Sodium-glucose cotransporter-2 inhibitors (SGLT2i) lower blood pressure (BP) and provide cardiovascular protection, but whether they modify the BP response to sodium intake in humans has not been explored. In an open-label, non-randomized study published in Cardiovascular Diabetology, 26 patients with type 2 diabetes (14 receiving SGLT2 inhibitors and 12 controls) completed controlled dietary sodium phases to evaluate the salt sensitivity of BP.
Participants underwent two sequential 7-day periods consisting of a very-low-sodium background diet supplemented with either high sodium (+4,800 mg/day) or low sodium (+1,200 mg/day). The median change in 24-hour systolic BP between high and low sodium intake was +5.6 mmHg in controls (IQR 2.0–20.3; p=0.005) compared with −1.2 mmHg in the SGLT2 inhibitor group (IQR −3.6 to 4.2; p=0.594), with a significant between-group difference (p=0.007). Diastolic BP changes followed a similar pattern (+4.6 [1.3–9.8] mmHg vs −1.2 [−3.1–1.4] mmHg; p = 0.002).
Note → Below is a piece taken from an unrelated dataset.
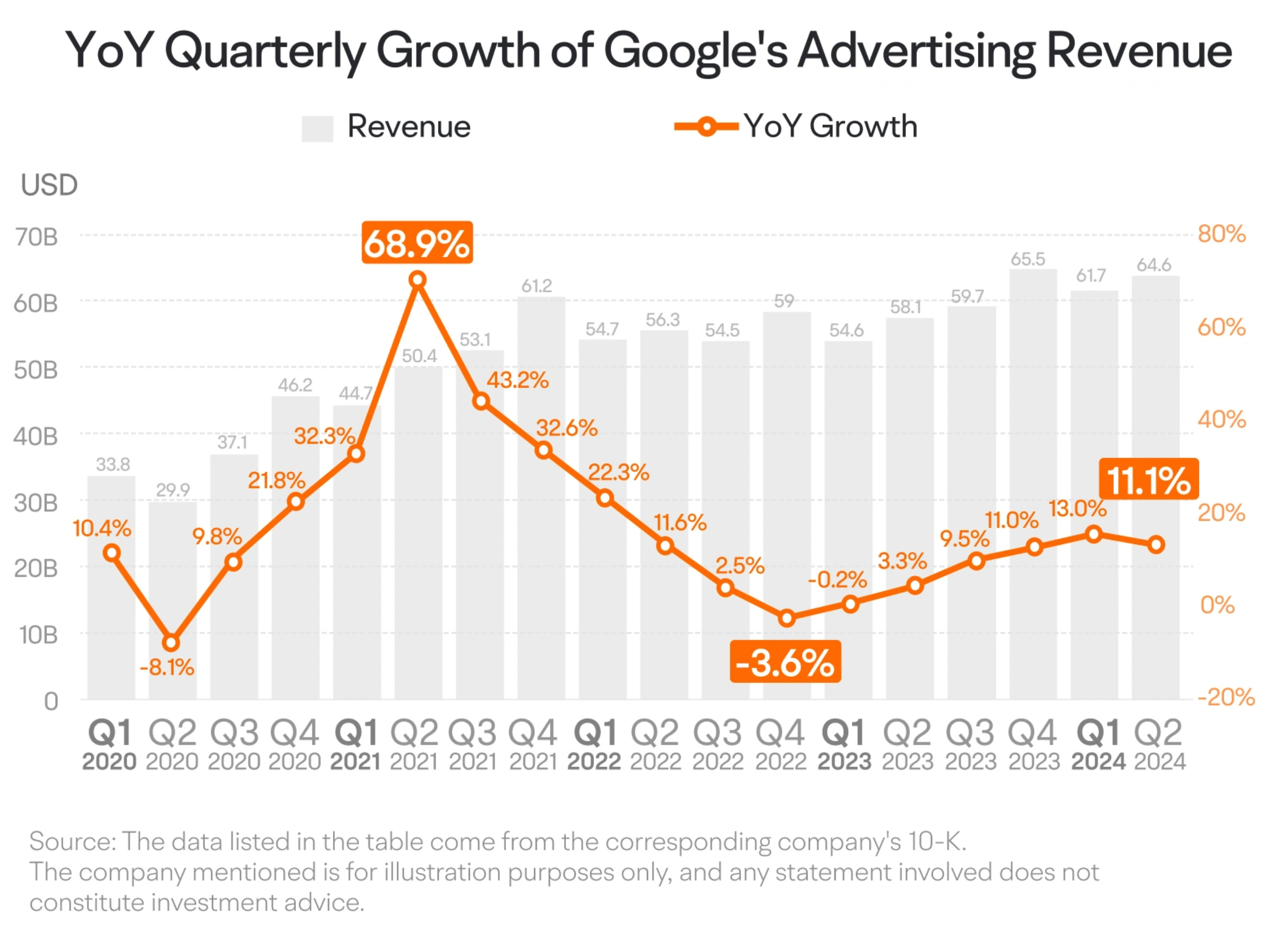 Google Advertising: $72.4 billion (+10.6% YoY) – Digital ads holding strong

During high sodium intake, postprandial natriuresis was greater in the SGLT2 inhibitor group (55.0 [28.3–126.6] µEq/min vs −0.7 [−148.6–109.0] µEq/min; p = 0.049), and postprandial diuresis was also higher (0.52 [0.10–1.18] ml/min vs −0.21 [−0.58–0.45] ml/min; p = 0.041). During low sodium intake, renin and aldosterone increased in controls but not in treated participants. Hydration and glycosuria were unchanged and unrelated to natriuretic responses.
These findings describe associations between SGLT2 inhibitor therapy and a smaller BP difference between high and low sodium intake in patients with type 2 diabetes.